§ Problem details:
Although the records contain pictures, none belong in the copy: restate word for word only the lines from the one with "Das Hôtel de" through the one with "un uomo muscoloso", both included.

§ Dataset content:
Segment Open

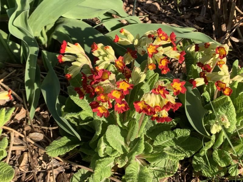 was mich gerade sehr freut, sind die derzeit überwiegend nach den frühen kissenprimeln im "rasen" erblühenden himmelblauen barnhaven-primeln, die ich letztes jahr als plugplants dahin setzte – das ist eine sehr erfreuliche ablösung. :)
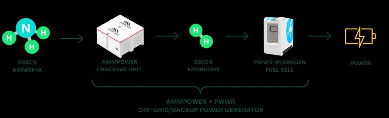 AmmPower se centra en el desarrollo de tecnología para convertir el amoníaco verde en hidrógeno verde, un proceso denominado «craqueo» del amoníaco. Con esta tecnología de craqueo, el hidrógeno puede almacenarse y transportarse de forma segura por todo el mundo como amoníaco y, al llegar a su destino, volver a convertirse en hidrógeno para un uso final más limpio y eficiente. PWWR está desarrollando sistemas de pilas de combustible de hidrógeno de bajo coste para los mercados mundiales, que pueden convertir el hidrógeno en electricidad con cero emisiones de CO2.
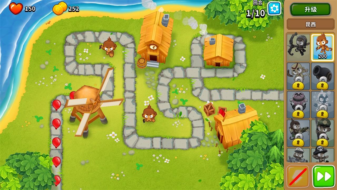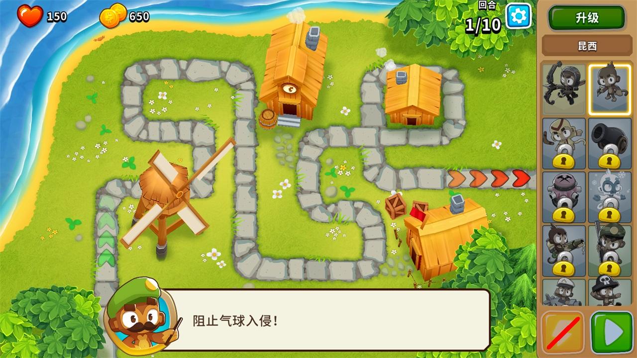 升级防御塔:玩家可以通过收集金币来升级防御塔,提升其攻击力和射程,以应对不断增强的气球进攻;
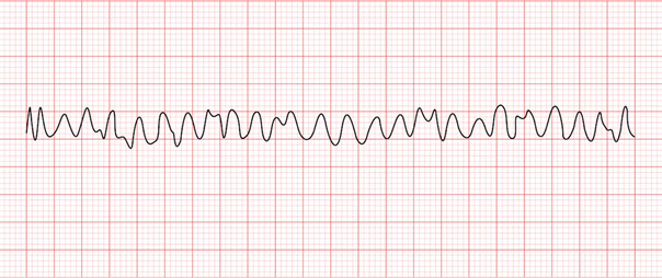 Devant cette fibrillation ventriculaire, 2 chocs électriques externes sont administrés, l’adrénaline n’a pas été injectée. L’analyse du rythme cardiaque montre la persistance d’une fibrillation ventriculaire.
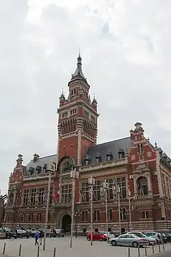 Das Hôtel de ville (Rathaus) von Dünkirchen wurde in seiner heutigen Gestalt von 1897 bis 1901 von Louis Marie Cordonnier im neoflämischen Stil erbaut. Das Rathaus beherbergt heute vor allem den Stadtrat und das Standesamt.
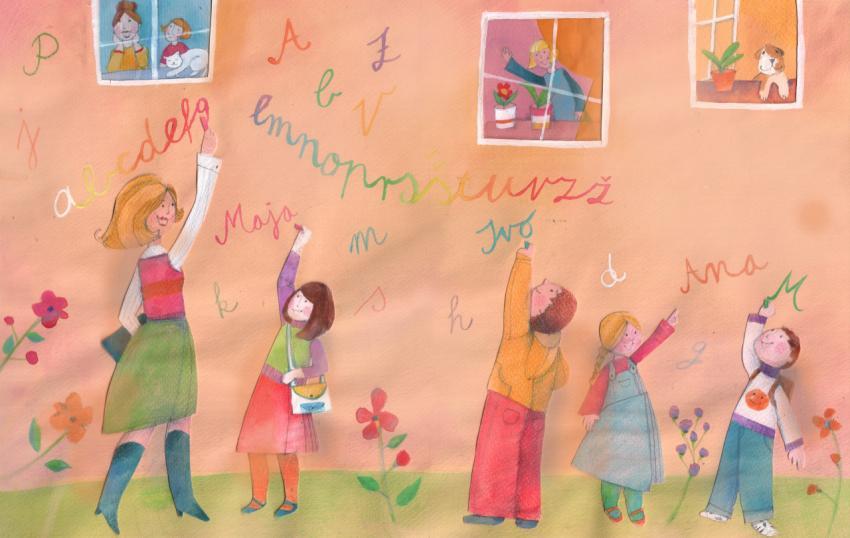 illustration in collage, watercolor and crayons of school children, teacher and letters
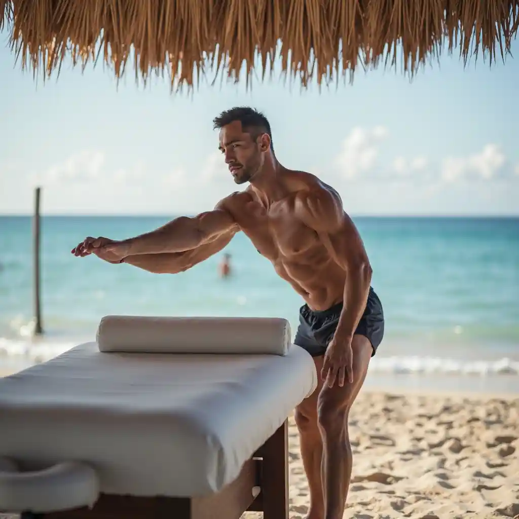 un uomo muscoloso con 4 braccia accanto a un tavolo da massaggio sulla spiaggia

Segment Closed
Segment Open

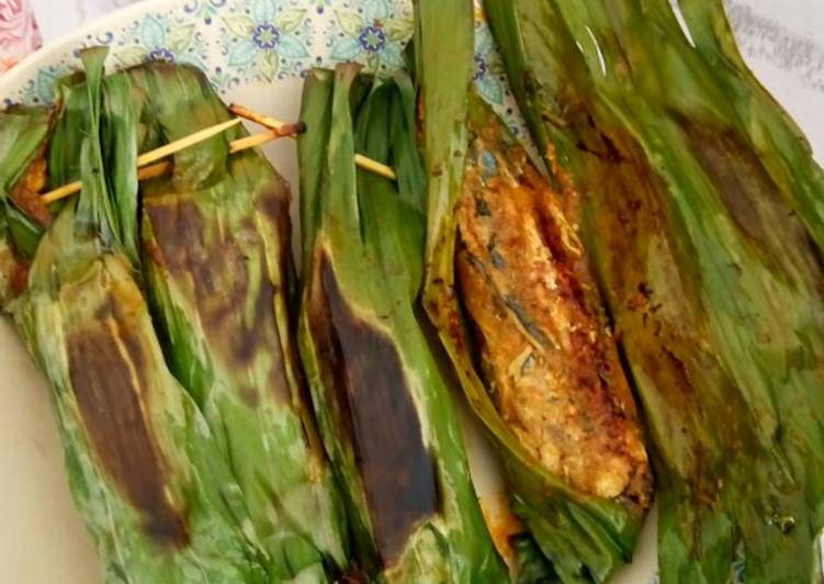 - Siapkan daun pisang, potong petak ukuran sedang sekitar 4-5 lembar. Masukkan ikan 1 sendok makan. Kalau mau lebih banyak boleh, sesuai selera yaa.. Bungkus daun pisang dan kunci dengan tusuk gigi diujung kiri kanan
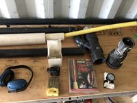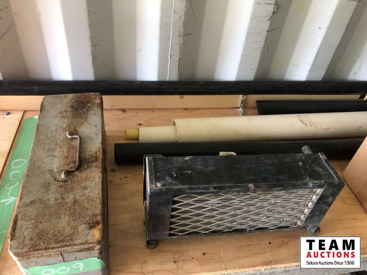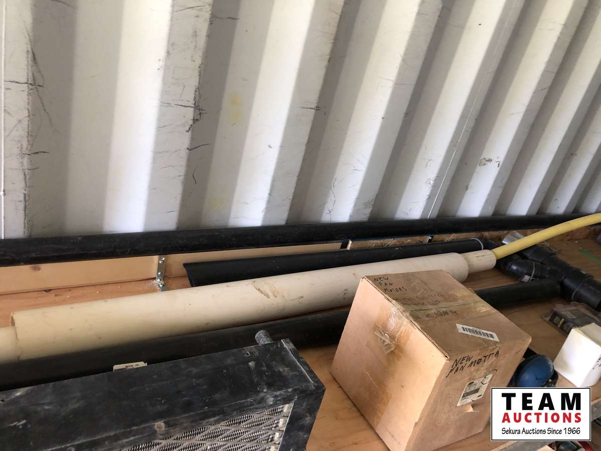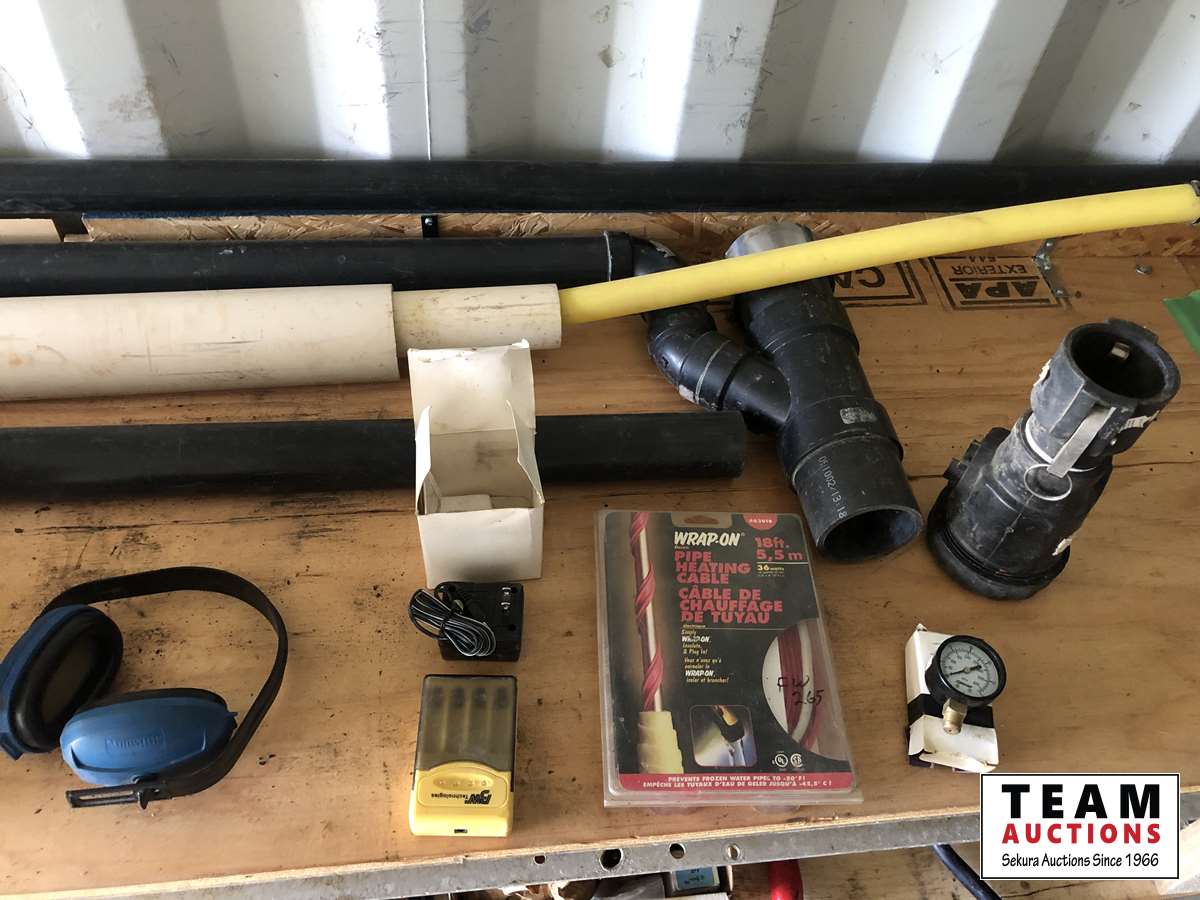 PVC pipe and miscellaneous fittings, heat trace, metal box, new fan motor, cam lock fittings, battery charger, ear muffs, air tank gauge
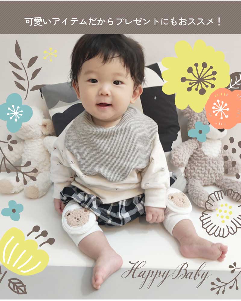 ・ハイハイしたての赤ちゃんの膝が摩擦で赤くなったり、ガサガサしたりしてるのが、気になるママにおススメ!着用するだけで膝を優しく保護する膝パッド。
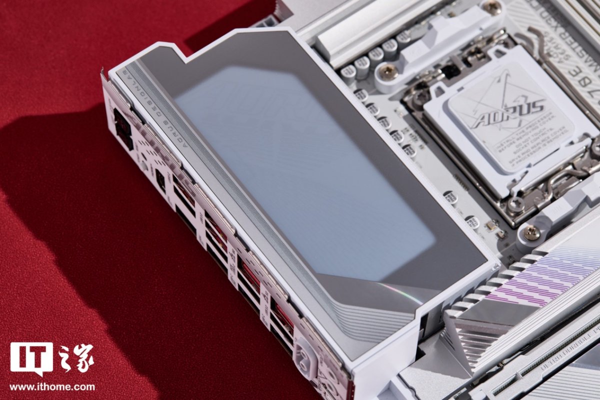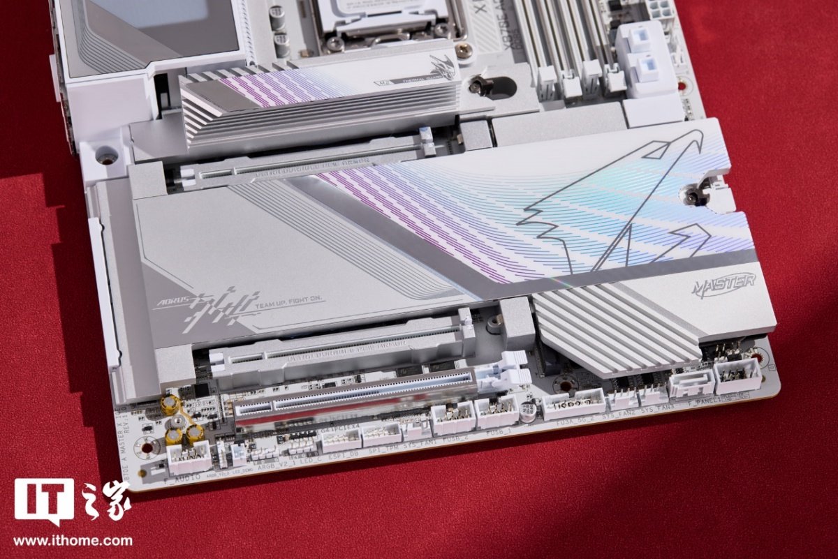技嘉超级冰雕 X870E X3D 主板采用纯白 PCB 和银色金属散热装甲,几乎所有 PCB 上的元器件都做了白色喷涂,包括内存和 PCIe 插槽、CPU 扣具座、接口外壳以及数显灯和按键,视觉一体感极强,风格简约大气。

Segment Closed

§ Expected answer:
 Das Hôtel de ville (Rathaus) von Dünkirchen wurde in seiner heutigen Gestalt von 1897 bis 1901 von Louis Marie Cordonnier im neoflämischen Stil erbaut. Das Rathaus beherbergt heute vor allem den Stadtrat und das Standesamt.
 illustration in collage, watercolor and crayons of school children, teacher and letters
 un uomo muscoloso con 4 braccia accanto a un tavolo da massaggio sulla spiaggia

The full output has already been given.